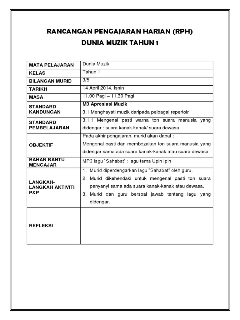 Rph Pendidikan Muzik Tahun 1 2021 Rph Pak 21 Sekolah Rendah Online Shopping from s3-ap-southeast-1.amazonaws.com Pendidikan muzik dan bahasa melayu kbsr. 1 мин и 53 сек Himpunan rpt kssr tahun 6 2021 mengandungi keseluruhan rpt untuk semua subjek untuk tahun 6.rancangan. Pada hari ini kami ingin beritahu bahawa pihak kami telah menulis satu artikel yang sangat bagus untuk murid murid dapatkan iaitu kumpulan. Untuk tahun 1, rph ini sudah dikemaskini kepada pendidikan kesenian (muzik), iaitu semakan terbaru 2017. Rancangan pengajaran harian pendidikan seni visual tahun 6. Kepada yang mengajar muzik sekolah rendah, bolehlah muat turun rpt di sini. Bermula tahun 2020, pendidikan kesenian akan digantikan dengan pendidikan seni visual dan pendidikan muzik bagi tahun 1 hingga tahun 4.
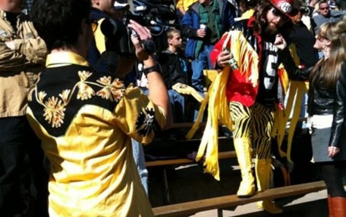 Interviewing an avid Colorado fan at a football game
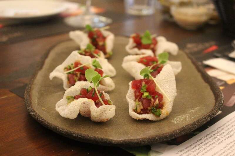 לראשונות בחרנו שתי מנות מהתפריט הרגיל, מאפה בירה וקממברט וטרטר קריספי רייס. מאפה הבירה היה לא פחות מנהדר. מדובר בפרוסות לא דקות של לחם בירה ספוג בחמאה, רך ולח, ועל כל פרוסה מונח משולש קמבברט איכותי מאוד. מלמעלה נקודה קטנה של ריבת יין שחבל שהיתה רק נקודה, שכן הוסיפה מאוד לטעם. בצד סלט רוקט ותפוחים קטן בויניגרט סילאן, מנה שעמוסה בטעמים מתוקים אבל מוצדקים אחד אחד.
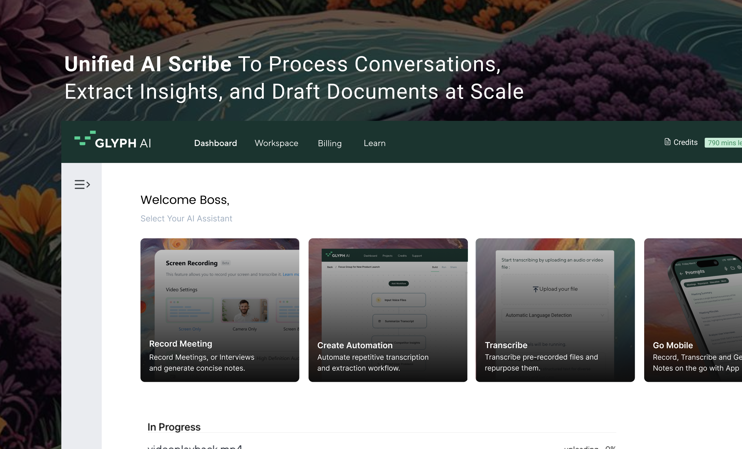 Glyph is the only platform built from the ground up to handle all transcription types – meetings, interviews, legal, sal...
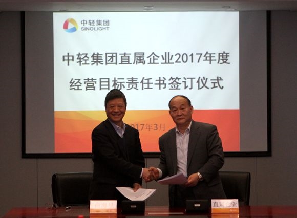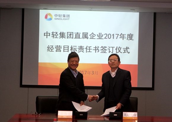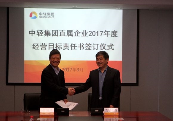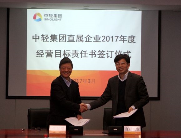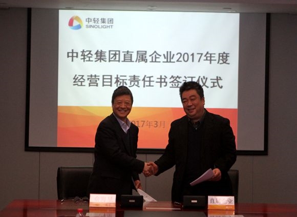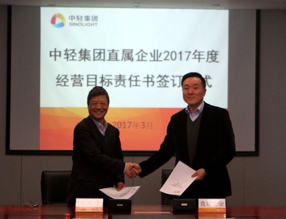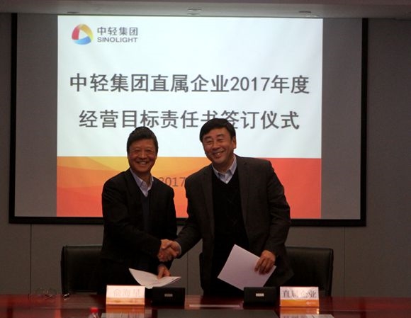 集團公司總經理俞海星與中輕控股總經理錢小林簽訂(dìng)經營目(mù)標責(zé)任書

··········

-- Task details --
From first line to last, return the records verbatim without their pictures.

-- Result for this task --
 Rph Pendidikan Muzik Tahun 1 2021 Rph Pak 21 Sekolah Rendah Online Shopping from s3-ap-southeast-1.amazonaws.com Pendidikan muzik dan bahasa melayu kbsr. 1 мин и 53 сек Himpunan rpt kssr tahun 6 2021 mengandungi keseluruhan rpt untuk semua subjek untuk tahun 6.rancangan. Pada hari ini kami ingin beritahu bahawa pihak kami telah menulis satu artikel yang sangat bagus untuk murid murid dapatkan iaitu kumpulan. Untuk tahun 1, rph ini sudah dikemaskini kepada pendidikan kesenian (muzik), iaitu semakan terbaru 2017. Rancangan pengajaran harian pendidikan seni visual tahun 6. Kepada yang mengajar muzik sekolah rendah, bolehlah muat turun rpt di sini. Bermula tahun 2020, pendidikan kesenian akan digantikan dengan pendidikan seni visual dan pendidikan muzik bagi tahun 1 hingga tahun 4.
 Interviewing an avid Colorado fan at a football game
 לראשונות בחרנו שתי מנות מהתפריט הרגיל, מאפה בירה וקממברט וטרטר קריספי רייס. מאפה הבירה היה לא פחות מנהדר. מדובר בפרוסות לא דקות של לחם בירה ספוג בחמאה, רך ולח, ועל כל פרוסה מונח משולש קמבברט איכותי מאוד. מלמעלה נקודה קטנה של ריבת יין שחבל שהיתה רק נקודה, שכן הוסיפה מאוד לטעם. בצד סלט רוקט ותפוחים קטן בויניגרט סילאן, מנה שעמוסה בטעמים מתוקים אבל מוצדקים אחד אחד.
 Glyph is the only platform built from the ground up to handle all transcription types – meetings, interviews, legal, sal...
 集團公司總經理俞海星與中輕控股總經理錢小林簽訂(dìng)經營目(mù)標責(zé)任書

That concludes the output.